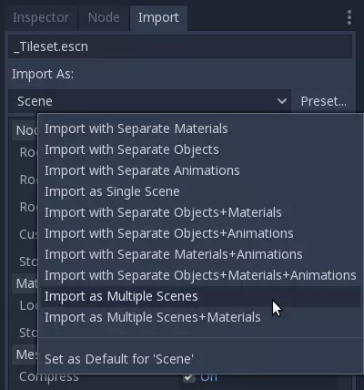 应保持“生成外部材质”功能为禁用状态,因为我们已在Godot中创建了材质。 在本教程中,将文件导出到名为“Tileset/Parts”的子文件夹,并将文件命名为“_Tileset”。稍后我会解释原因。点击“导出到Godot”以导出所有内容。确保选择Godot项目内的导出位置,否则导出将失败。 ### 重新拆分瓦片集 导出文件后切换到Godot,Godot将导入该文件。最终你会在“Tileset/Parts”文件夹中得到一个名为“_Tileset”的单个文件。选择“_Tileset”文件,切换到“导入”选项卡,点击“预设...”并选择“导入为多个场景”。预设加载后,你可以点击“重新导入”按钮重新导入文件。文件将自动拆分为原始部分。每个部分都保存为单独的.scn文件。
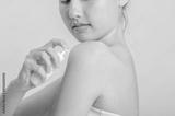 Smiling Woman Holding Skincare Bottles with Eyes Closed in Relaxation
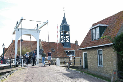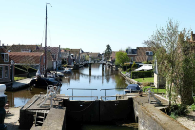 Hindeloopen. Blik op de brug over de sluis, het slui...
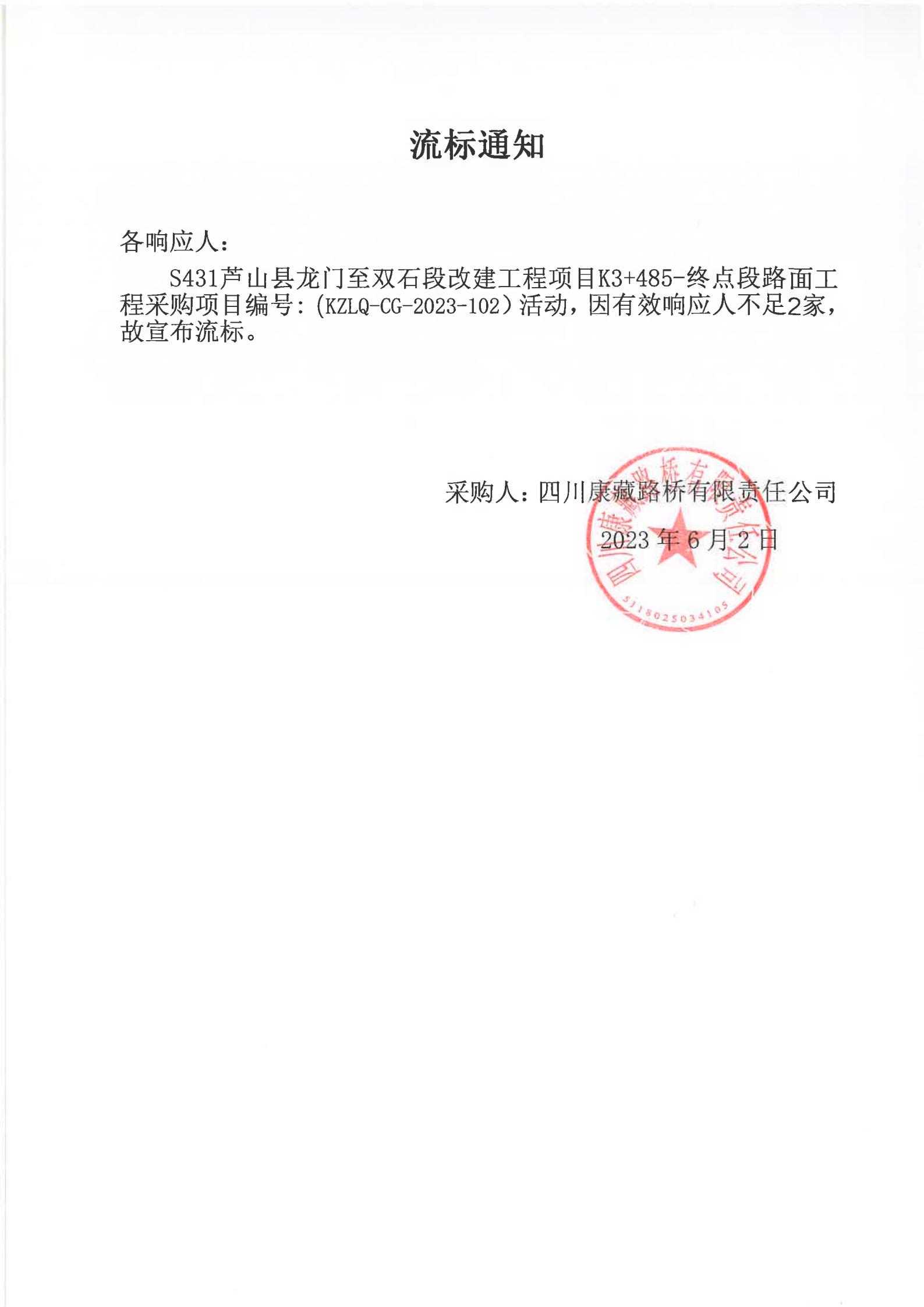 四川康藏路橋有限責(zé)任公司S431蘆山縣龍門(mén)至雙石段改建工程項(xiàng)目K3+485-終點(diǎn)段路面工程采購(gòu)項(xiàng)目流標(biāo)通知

....................

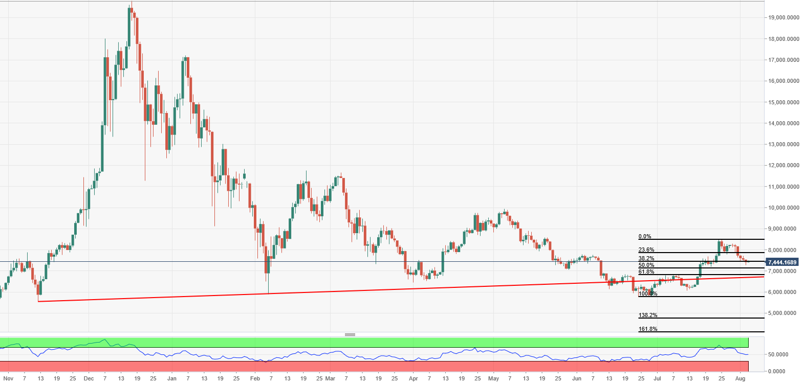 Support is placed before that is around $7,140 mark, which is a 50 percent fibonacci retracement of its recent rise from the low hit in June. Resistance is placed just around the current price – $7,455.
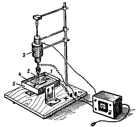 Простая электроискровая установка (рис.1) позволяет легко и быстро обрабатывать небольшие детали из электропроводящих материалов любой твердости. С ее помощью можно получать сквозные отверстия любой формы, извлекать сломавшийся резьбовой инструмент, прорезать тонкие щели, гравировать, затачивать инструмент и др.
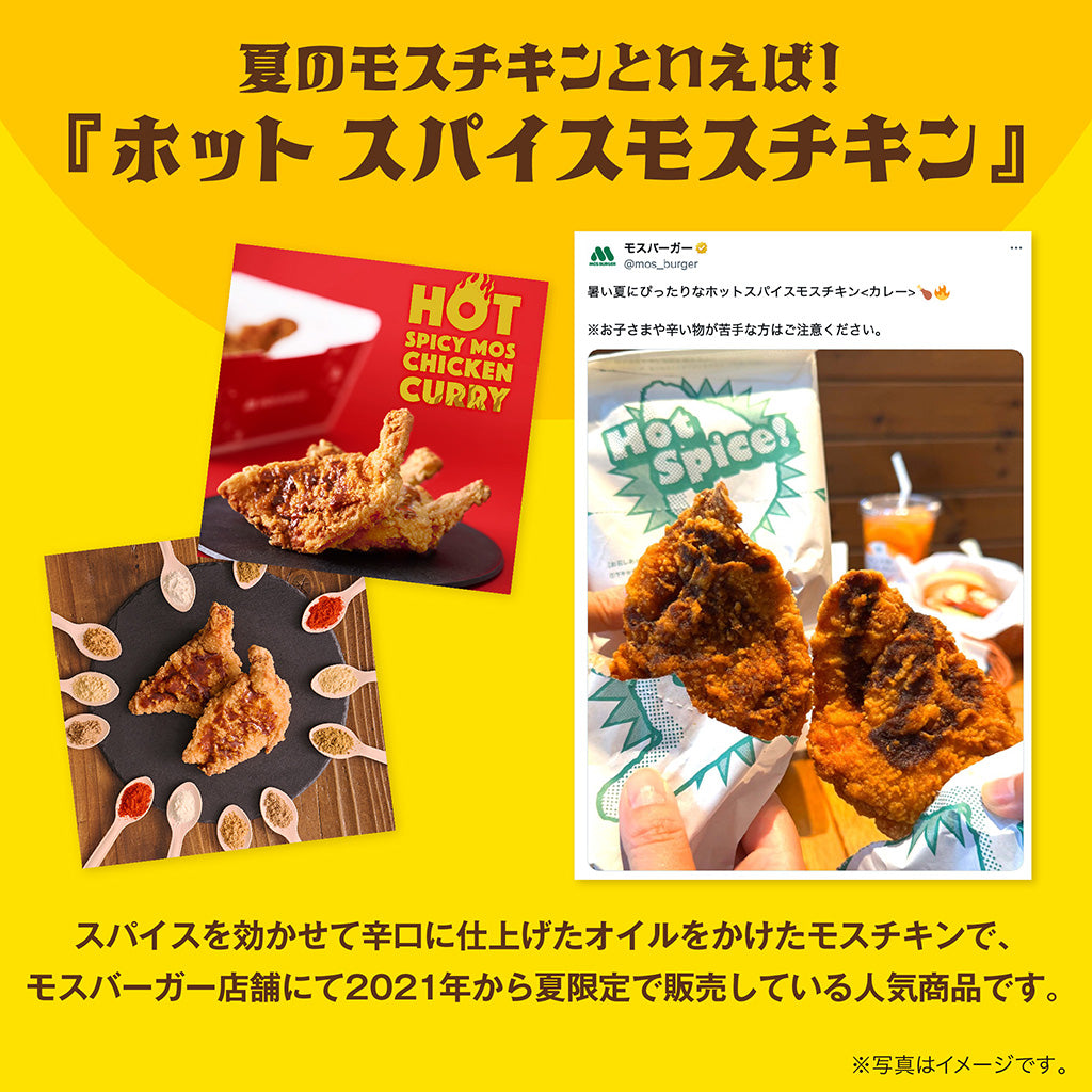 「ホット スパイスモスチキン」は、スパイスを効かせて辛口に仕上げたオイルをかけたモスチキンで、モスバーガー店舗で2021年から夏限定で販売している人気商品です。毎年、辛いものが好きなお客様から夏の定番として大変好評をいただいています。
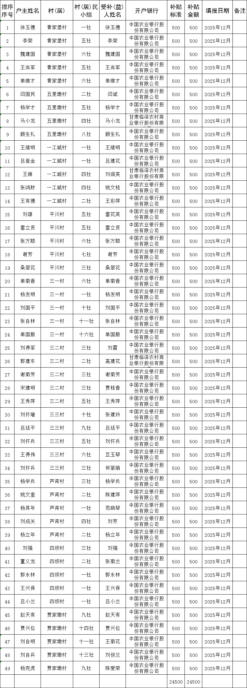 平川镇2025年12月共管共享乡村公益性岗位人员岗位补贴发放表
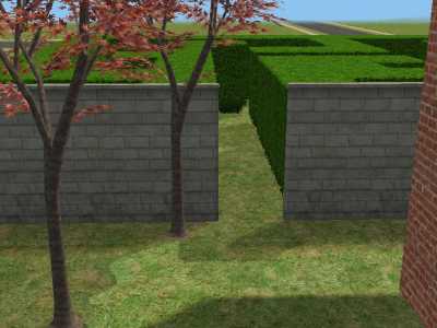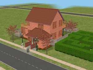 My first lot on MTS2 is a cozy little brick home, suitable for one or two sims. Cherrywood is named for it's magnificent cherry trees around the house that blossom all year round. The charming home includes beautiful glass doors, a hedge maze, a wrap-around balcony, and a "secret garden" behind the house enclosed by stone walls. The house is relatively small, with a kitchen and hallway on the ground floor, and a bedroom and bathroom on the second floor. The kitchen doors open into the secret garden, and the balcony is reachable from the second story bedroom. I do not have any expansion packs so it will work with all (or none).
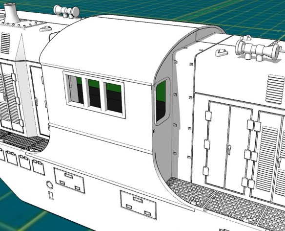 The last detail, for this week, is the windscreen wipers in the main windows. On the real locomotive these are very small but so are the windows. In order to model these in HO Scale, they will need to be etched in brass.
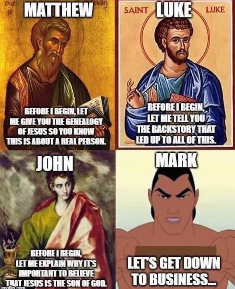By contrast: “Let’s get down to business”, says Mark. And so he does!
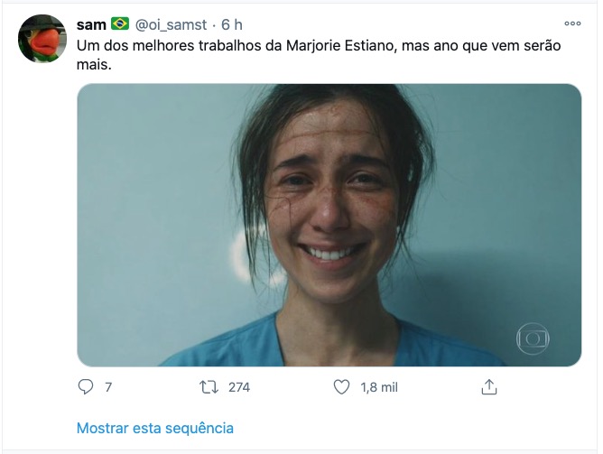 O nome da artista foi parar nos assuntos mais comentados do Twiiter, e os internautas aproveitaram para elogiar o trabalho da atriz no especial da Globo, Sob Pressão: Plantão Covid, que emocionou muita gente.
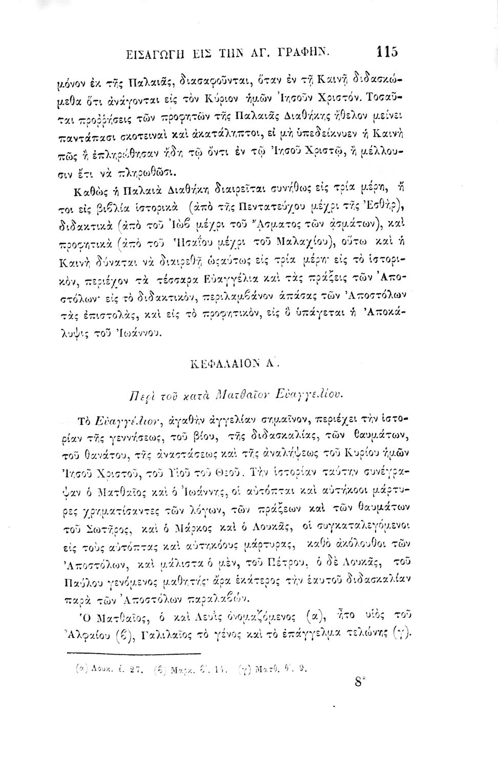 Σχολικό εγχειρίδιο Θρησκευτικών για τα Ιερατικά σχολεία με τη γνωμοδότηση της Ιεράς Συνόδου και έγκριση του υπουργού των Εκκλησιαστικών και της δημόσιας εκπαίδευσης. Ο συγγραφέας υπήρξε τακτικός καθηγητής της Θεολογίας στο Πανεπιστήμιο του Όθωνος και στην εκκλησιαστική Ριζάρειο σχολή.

....................

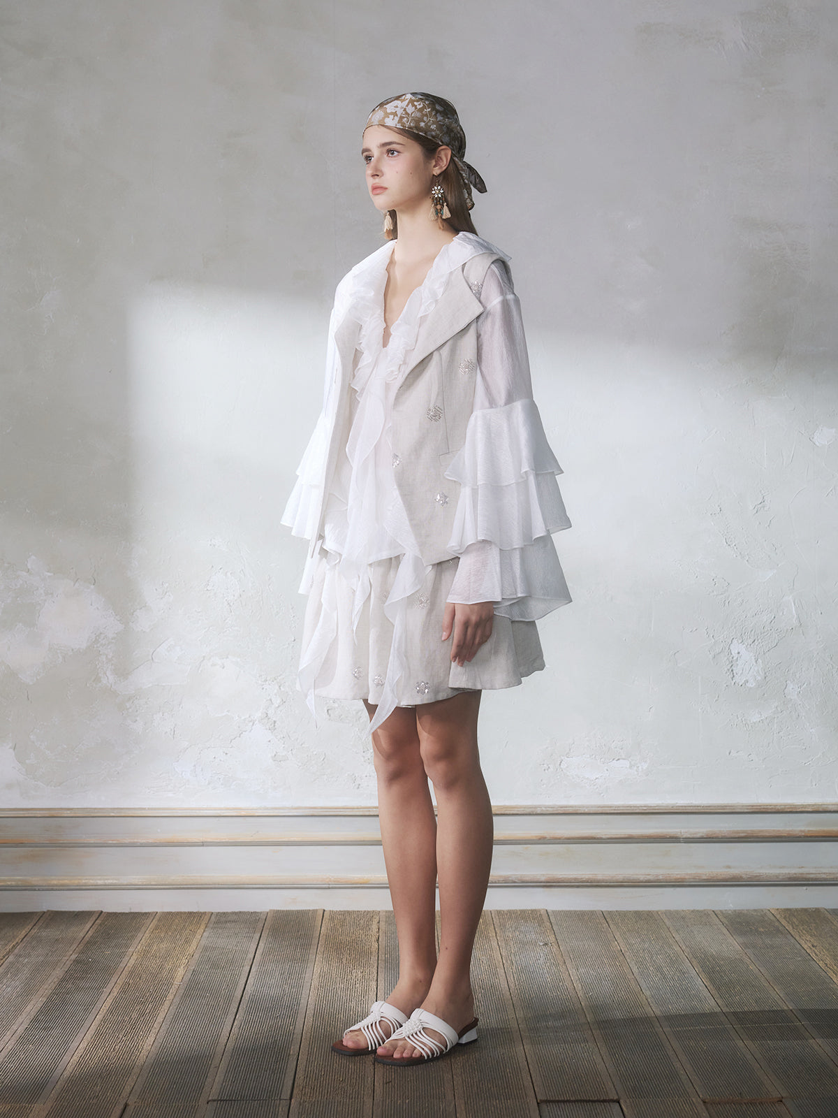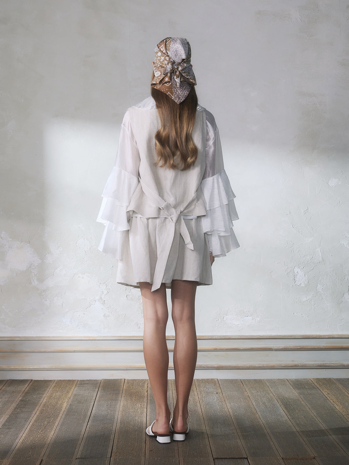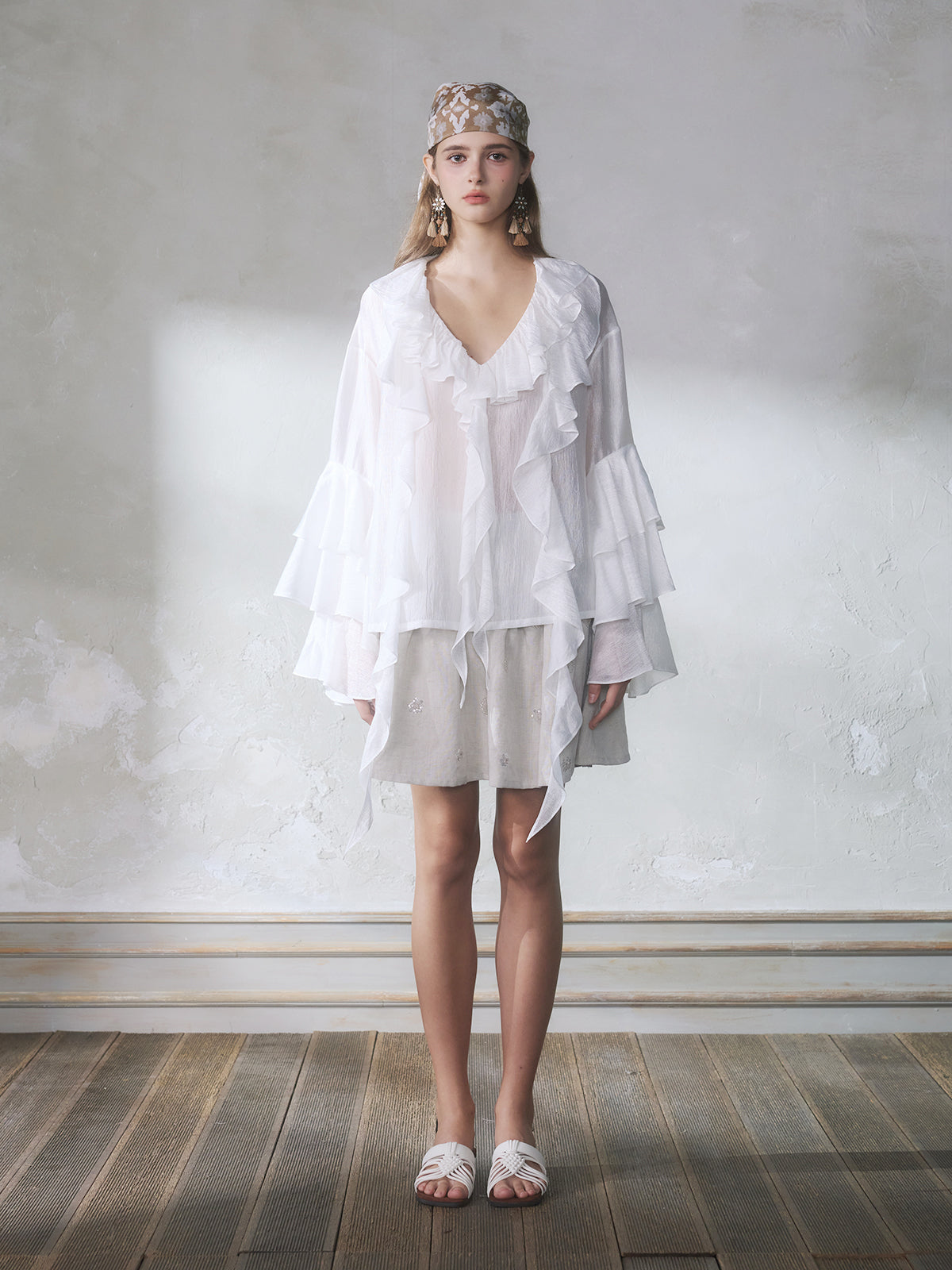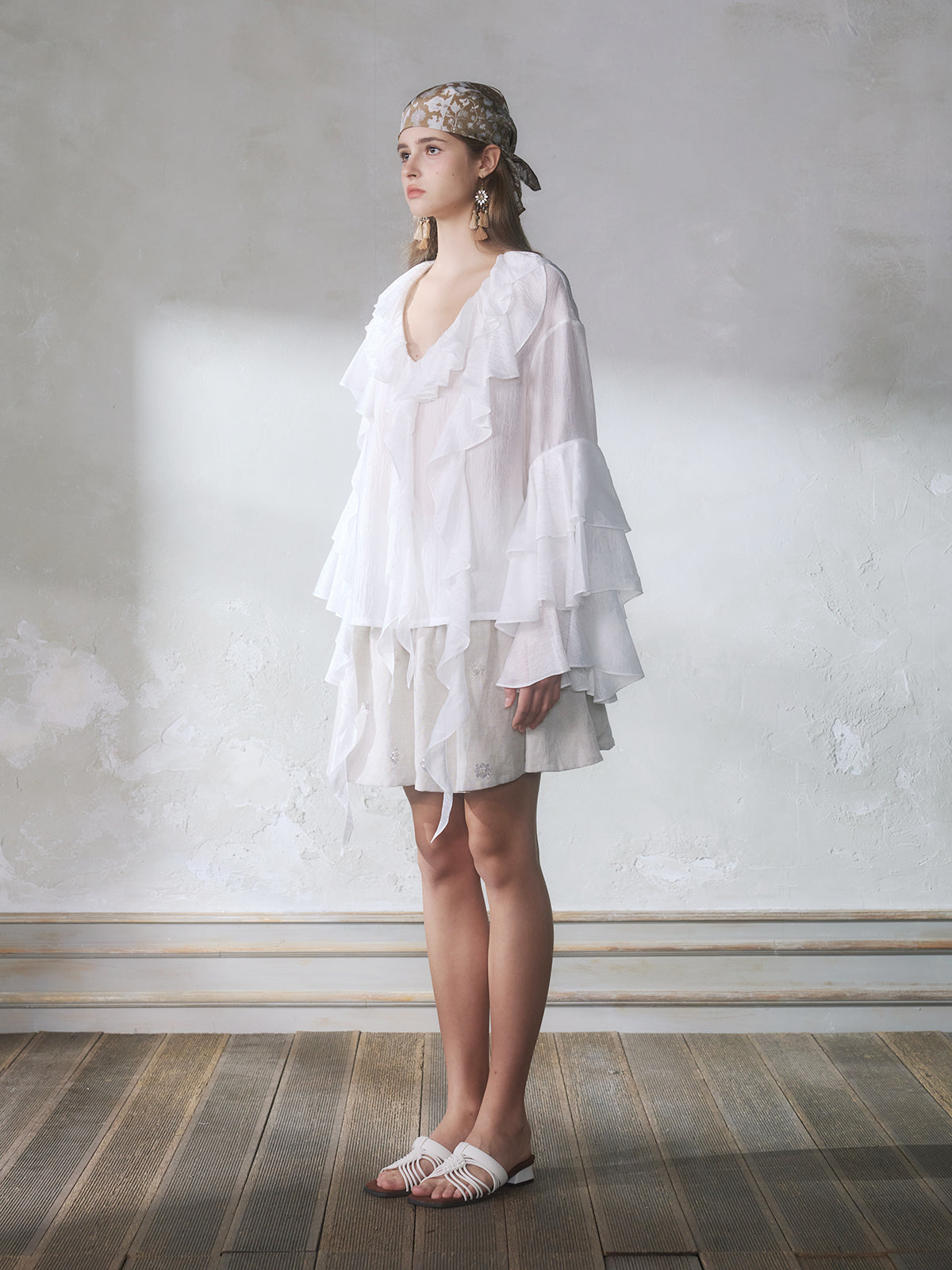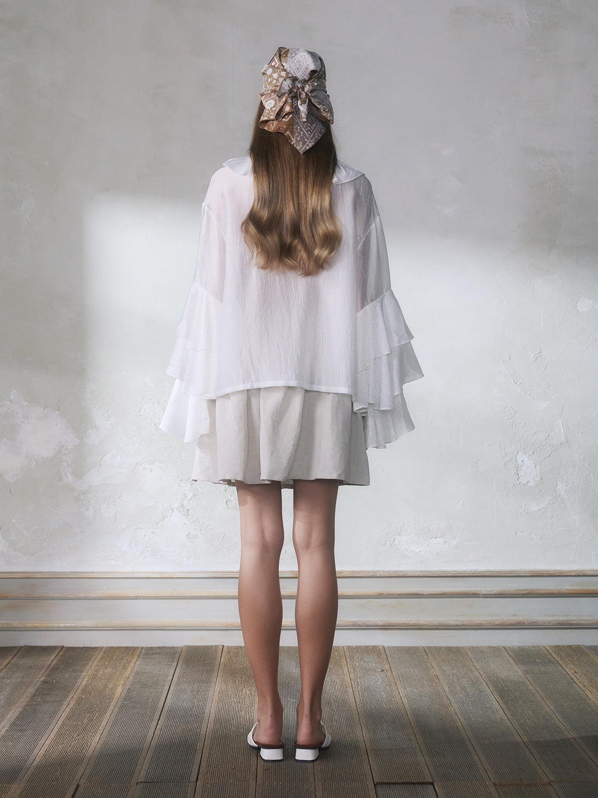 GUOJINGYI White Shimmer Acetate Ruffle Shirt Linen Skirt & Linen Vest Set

....................

### What you should do:
Retype the lines above exactly as they appear, from the line containing "Hindeloopen. Blik op" through the line containing "四川康藏路橋有限責(zé)任", and leave out any pictures.

### Written solution:
 Hindeloopen. Blik op de brug over de sluis, het slui...
 四川康藏路橋有限責(zé)任公司S431蘆山縣龍門(mén)至雙石段改建工程項(xiàng)目K3+485-終點(diǎn)段路面工程采購(gòu)項(xiàng)目流標(biāo)通知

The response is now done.